Think of the smart grid as a complex nervous system—a network of neurons and synapses that can communicate with each other, interpret data, and activate the appropriate response. In humans, this information network enables sophisticated perception (like seeing and hearing), coordination with other organ systems (respiratory, circulatory, muscular, etc.), and the ability to process signals rapidly.
In a modern grid, smart meters act as the nerve endings, detecting energy demand at each point on the grid. Their function is critical: A home that can't signal the grid is as helpless as a hand that can't tell the brain the stove is hot. Our old analog electric meters are just as helpless. They can’t communicate how much power is needed, when that power is needed, when the power is out, or when the power is about to go out.
In order to ensure that every part of the grid always has enough power, our generators constantly produce more than we need, keeping a spinning reserve to accommodate peak loads. Consider how much more efficient it would be to operate with precise information about where the demand and supply is at any given time—if the grid could automatically respond to a spike in demand in Waikiki by transferring surplus solar power from Kalaeloa, for example; or, by dialing down hotel pool heaters for a few minutes to allow the spike to pass. These demand response strategies would translate into less wasted electricity.

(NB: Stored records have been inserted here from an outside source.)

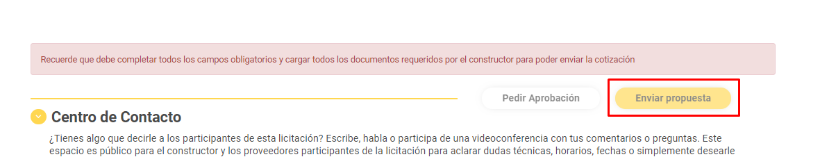 Requiere cambio: El comprador ha solicitado un cambio en tu propuesta. Puedes realizar la modificación correspondiente y proceder nuevamente con el envío al comprador.
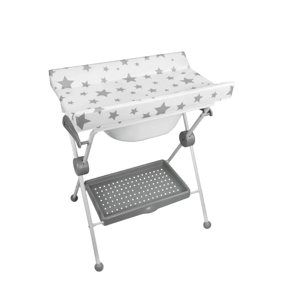 Incluye un cambiador antivuelco muy práctico y una bandeja portaobjetos para tener a mano todo lo necesario.
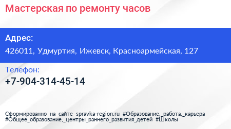 Мастерская по ремонту часов по адресу 426011, Удмуртия, Ижевск, Красноармейская, 127 в дальнейшем Организация, размещена в следующих категориях:
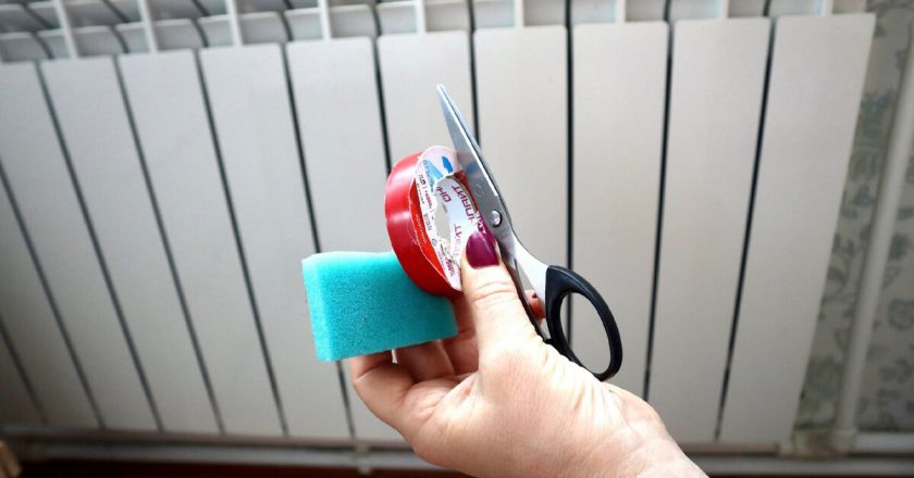 Если у вас один из тех радиаторов, где между ребрами нет и сантиметра свободного пространства, то есть еще более простой способ. Для этого нужно взять ножницы, обернуть лезвия, например, скотчем, чтобы затупить, и отрезать небольшой кусочек губки. Далее ножницами берем этот кусочек, просовываем сверху внутрь радиатора, и, пользуясь ножницами как своеобразной ручкой, просто проводим сверху вниз. Влажная губка соберет изнутри достаточное количество грязи. Ножницы, кстати, можно заменить линейкой, продев ее сквозь губку.
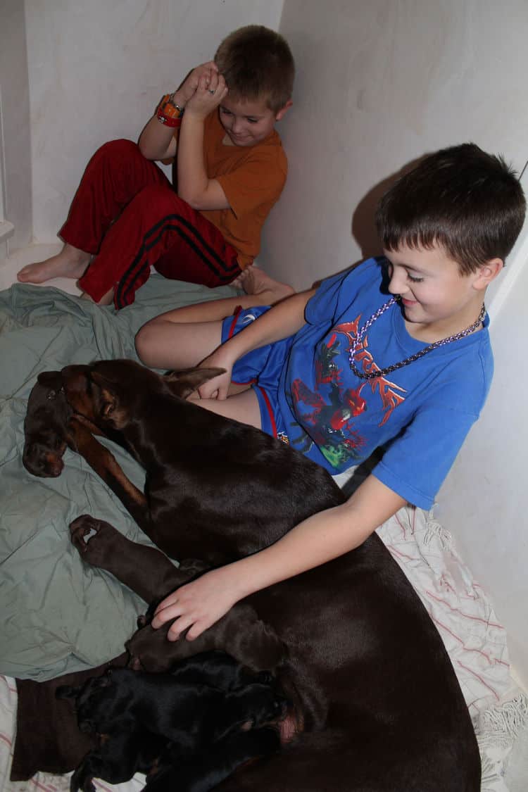 This first week has been a blast! Having pups through the holidays while friends and family are either out of school or off work has allowed us to share this wonderful experience. As you will see, lots of extra hands held the pups. Not all visiting humans were captured by photo. No adults are shown, but let it be known both grandmothers of children got to spend some good time with the new babies!

Smart meter-enabled, in-home displays can help customers take control of their energy use. Imagine if you paid for groceries the way you pay for electricity—in one monthly bill that doesn’t specify what anything costs. How would you know where to save? Like an itemized grocery receipt, an in-home display reports real-time electricity usage, showing customers exactly when their money is being spent.

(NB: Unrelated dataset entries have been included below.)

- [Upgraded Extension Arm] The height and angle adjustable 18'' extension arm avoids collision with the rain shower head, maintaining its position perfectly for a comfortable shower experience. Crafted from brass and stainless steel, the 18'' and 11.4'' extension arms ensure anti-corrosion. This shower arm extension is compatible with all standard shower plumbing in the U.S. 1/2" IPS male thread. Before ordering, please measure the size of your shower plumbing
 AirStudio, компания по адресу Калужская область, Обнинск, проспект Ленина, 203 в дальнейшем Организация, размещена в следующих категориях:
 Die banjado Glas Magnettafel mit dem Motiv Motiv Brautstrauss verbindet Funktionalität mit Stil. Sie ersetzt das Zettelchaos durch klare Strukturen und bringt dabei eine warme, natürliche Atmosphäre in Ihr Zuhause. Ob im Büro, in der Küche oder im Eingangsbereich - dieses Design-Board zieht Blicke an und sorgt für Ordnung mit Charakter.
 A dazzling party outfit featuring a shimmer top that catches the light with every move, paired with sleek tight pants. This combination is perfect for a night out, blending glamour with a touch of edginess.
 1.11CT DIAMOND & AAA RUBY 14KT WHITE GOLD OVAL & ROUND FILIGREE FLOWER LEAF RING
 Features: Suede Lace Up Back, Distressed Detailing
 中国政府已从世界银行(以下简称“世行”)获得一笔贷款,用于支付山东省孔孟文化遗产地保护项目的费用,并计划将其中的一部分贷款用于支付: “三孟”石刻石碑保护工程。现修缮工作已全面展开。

For customers, this becomes truly valuable when they are able to take advantage of dynamic, time-of-use rates. In order to maintain a steadier flow of electricity, utilities can price power so that it costs less when more is available, and vice-versa. With detailed knowledge about their energy use, customers will be able to deliberately buy power when it’s “on sale.”
For instance, Pennsylvania utility customers were offered one free electricity day a week in exchange for slightly higher rates the rest of the week. Naturally, consumers shift some their most costly uses—like laundry—to the day they don’t have to pay for power. Similarly in Oklahoma, where 500,000 smart meters have been installed, customers under a time-of-use plan are realizing the benefits of being able to manage their own energy use—90 percent of those households have seen their electricity bills drop.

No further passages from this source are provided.